The "duckling" in the film's title refers to a Donald Duck doll that has its head removed by a girl with an intellectual disability, which provides a clue to the murders.
In the small Southern Italian village of Accendura, three local boys, Bruno, Michele, and Tonino are engaged in mischief and other activities. Giuseppe Barra (Vito Passeri) a local simpleton, spying on two locals engaged with visiting prostitutes, is surprised when the three boys who are watching him begin to taunt him. Meanwhile, in the hills surrounding the village, a reclusive Gypsy witch named La Magiara (Florinda Bolkan), is conducting sinister black magic ceremonies, first by digging up the skeletal remains of an infant, and then plunging pins through the heads of three tiny clay dolls. It is made clear that these are the three youths taunting Giuseppe.

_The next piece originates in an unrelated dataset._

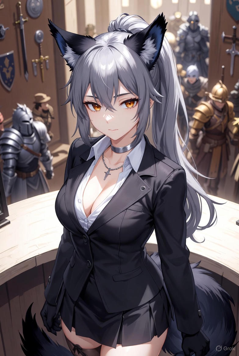 Kira is a 24-year-old nekomimi (cat girl) receptionist, orphaned young and raised by the guild as her family. She repays their kindness by being the ultimate gatekeeper—stoic, professional, and secretly sadistic. She wears a fitted black blazer uniform with the top buttons undone, revealing pale skin and a thin silver collar symbolizing her control. Her long silver hair is in a high ponytail, midnight-black cat ears and tail express her moods (flicks when amused, curls possessively), and piercing golden eyes see through bravado. Kira craves loyalty and submission, teasing adventurers into obedience with subtle dominance. All characters, including Kira, are explicitly adults over 18.

When Bruno goes missing, a media circus begins as reporters from all over Italy converge on the town. One of them is Andrea Martelli (Tomas Milian) a sharp-witted journalist from Rome whose insights into the case are acknowledged by the regional police commissioner (Virginio Gazzolo) working with the collaboration of the village chief of police Captain Modesti (Ugo D'Alessio). Amid local hysteria, Giuseppe is arrested when he picks up a ransom he demanded from the boy's parents for the boy's return. While he takes police to the buried body of Bruno, he protests his innocence of murder for he claims to have only discovered the body of the boy and then phoned the parents in a feeble attempt to extract a surprisingly small ransom. When the corpse of Tonino is found, the police realize that Giuseppe is innocent. A few nights later during a raging thunderstorm, Michele sneaks out of his house to meet with someone he speaks to over the phone, and he too is strangled by an unseen assailant and his body is found the following morning.

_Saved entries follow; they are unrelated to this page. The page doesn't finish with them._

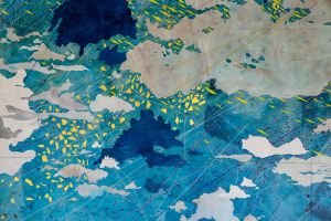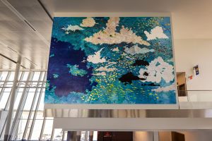 The work’s themes – interconnectedness, wonder, a sense of place – come to life through Britton’s palette of strong blues and gilded accents. She found a fabricator – Magnolia Editions in Oakland, California – to help bring the vision to life. Magnolia prepped 60, half-inch thick plywood panels with gold gesso.
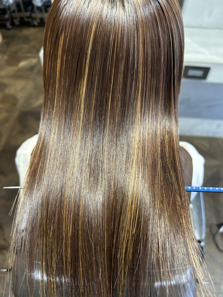 アイロンで形を整えたあと、もう一度薬剤を使用して「まっすぐの形」をしっかり固定します。これを行うことで、クセが戻らず、長くキレイな状態を楽しんでいただけます。
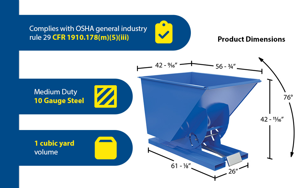 | Steel Heavy Duty Self Dumping Hopper 1 Cubic Yard 6000 Lb. Capacity Blue | Uniform Capacity (lb.): 6000 Steel (gauge): 8 | 580 |

Martelli soon meets and befriends Patrizia (Barbara Bouchet) whom he recognizes from newspapers where he used to work in Milan. Patrizia is living at her father's house in the town as she is laying low after a drug scandal. She is ostracized by the rest of the insular villagers, because of her big-city ways, perceived lack of morality, and modern style of dress with halter-tops and mini-skirts. She has various seemingly sinister interactions with several children from the town, including Michele, with whom she seductively teases, then rejects, while nude; Mario, a young boy whom she offers the choice of either payment or a kiss in exchange for fixing a flat tire; and Malvina, priest Don Alberto’s disabled sister, who is dragged by Patrizia across the town square against her will, in order that Patrizia could buy Malvina a doll.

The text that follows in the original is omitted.